既存の Verizon 顧客は 2 月 3 日から iPhone を予約注文できるようになります。2 月 10 日には、Verizon はすべてのユーザーに iPhone の提供を開始します。
ベライゾンのマクアダム氏によると、アップルとの提携は、両社がCDMA方式のiPhoneについて初めて協議を始めた2008年から進められてきたという。ベライゾンとアップルは既に、アップルのiPadのWi-Fi版の販売で提携している。
「当社とアップルの戦略的関係は過去2年間で発展してきた」とマクアダム氏は語った。
潜在的な影響
新型iPhoneはベライゾンの携帯電話販売を押し上げるだろうが、その効果は新型iPhoneだけではないだろうと、PRTMの通信部門ディレクター、ダン・ヘイズ氏は述べた。

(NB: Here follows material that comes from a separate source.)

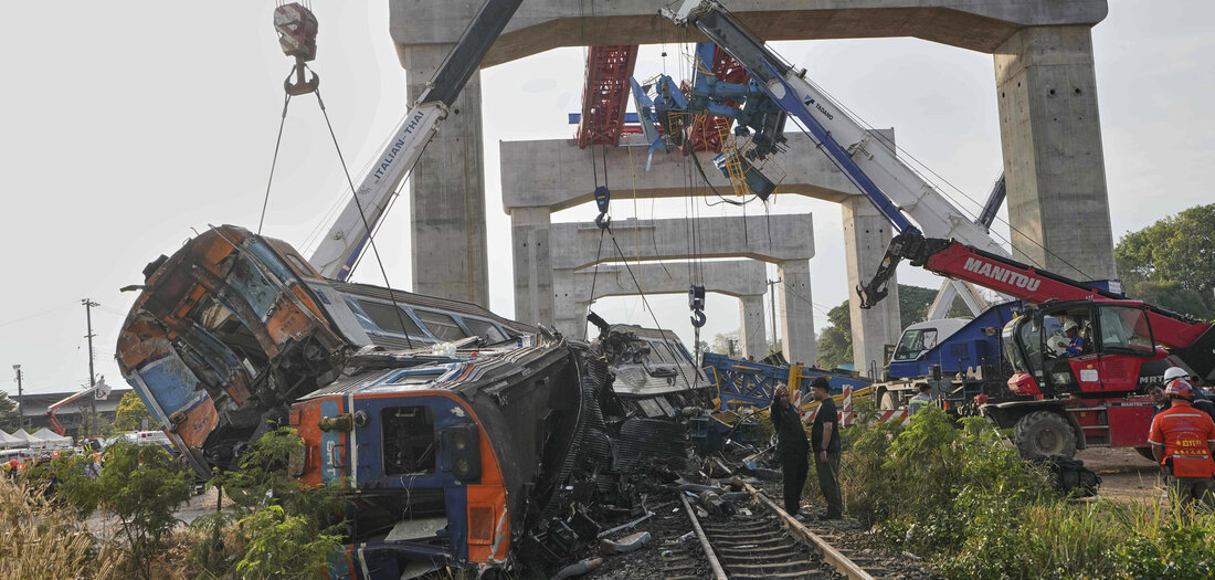 Ein Kran fällt auf Gleise, ein Zug prallt dagegen: Nach dem Unglück in Thailand steigt die Zahl der Todesopfer. Auch zahlreiche Passagiere wurden verletzt.weiterlesen »
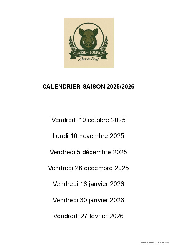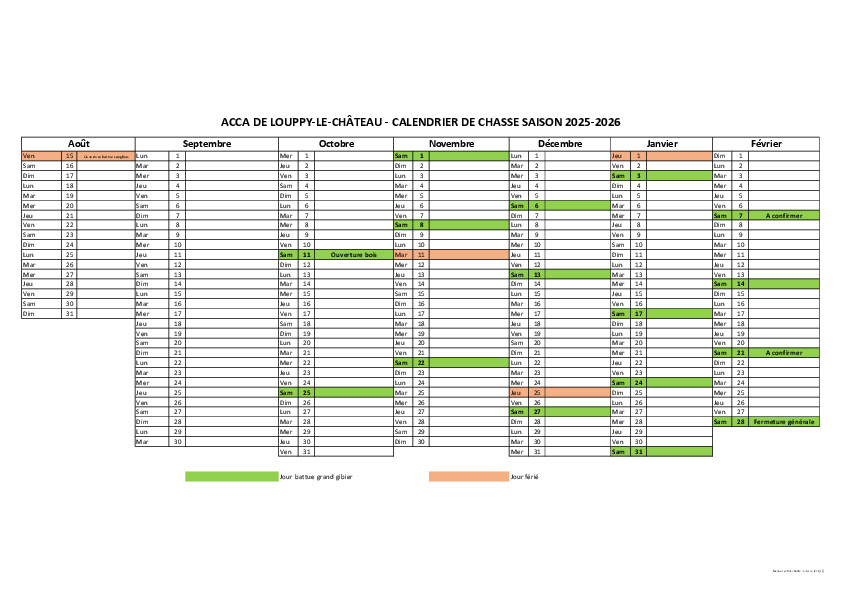 Pour votre information, voici les jours de chasse prévus sur le territoire de Louppy

ヘイズ氏は、2011年のベライゾンのiPhone販売台数を900万台から1300万台と予測する他のアナリストの予測には懐疑的だ。「ベライゾンのCDMAネットワークでAppleのiPhoneが発売されることは、米国の携帯電話市場にとって転換点となり、ハイエンドの携帯電話加入者をめぐる競争環境を一変させるだろう。しかし、現在の潜在的販売台数予測は誇張されており、ベライゾンの他のスマートフォン製品へのメリットが考慮されていないと考えている」とヘイズ氏は述べた。
ベライゾンのiPhoneは、他の通信事業者から一部のハイエンドユーザーをベライゾンに乗り換えさせ、既存のベライゾン顧客を少数転換させ、間接的にベライゾンのLTEネットワーク上で他のデバイスの販売を促進する可能性があると、同氏は述べた。しかし、ベライゾンのiPhoneの販売台数は今年500万台から700万台程度にとどまると予想され、ベライゾンのiPhoneに乗り換えるために既存の契約を解約する際に顧客が支払う高額な費用によって、その伸びは鈍化するだろうと同氏は述べた。
「最大の疑問は、ベライゾン・ワイヤレスがこれから到来するAppleへの狂乱的なラッシュに対応できるかどうかだ。彼らは「はい」と答えているが、AT&Tも常にそう言っていた。様子を見るしかない」とアナリストのジェフ・ケイガン氏は述べた。
iPhoneが米国の2つのネットワークで利用可能になることで、すべてのエンドユーザーの体験が向上する可能性があると彼は述べた。「AT&Tの負担が軽減される可能性があり、Verizonが対応すれば、サービスがすぐに改善される可能性がある」と彼は述べた。
IDGニュースサービスのアガム・シャー、ナンシー・ゴーリング、グラント・グロスが本レポートに貢献しました。
午前9時25分(太平洋標準時)に記事全体に詳細情報を追加更新しました。 午前11時10分(太平洋標準時)にIDGニュースサービスが収集したアナリストのコメントに基づき、携帯電話に関する詳細情報を追加しました。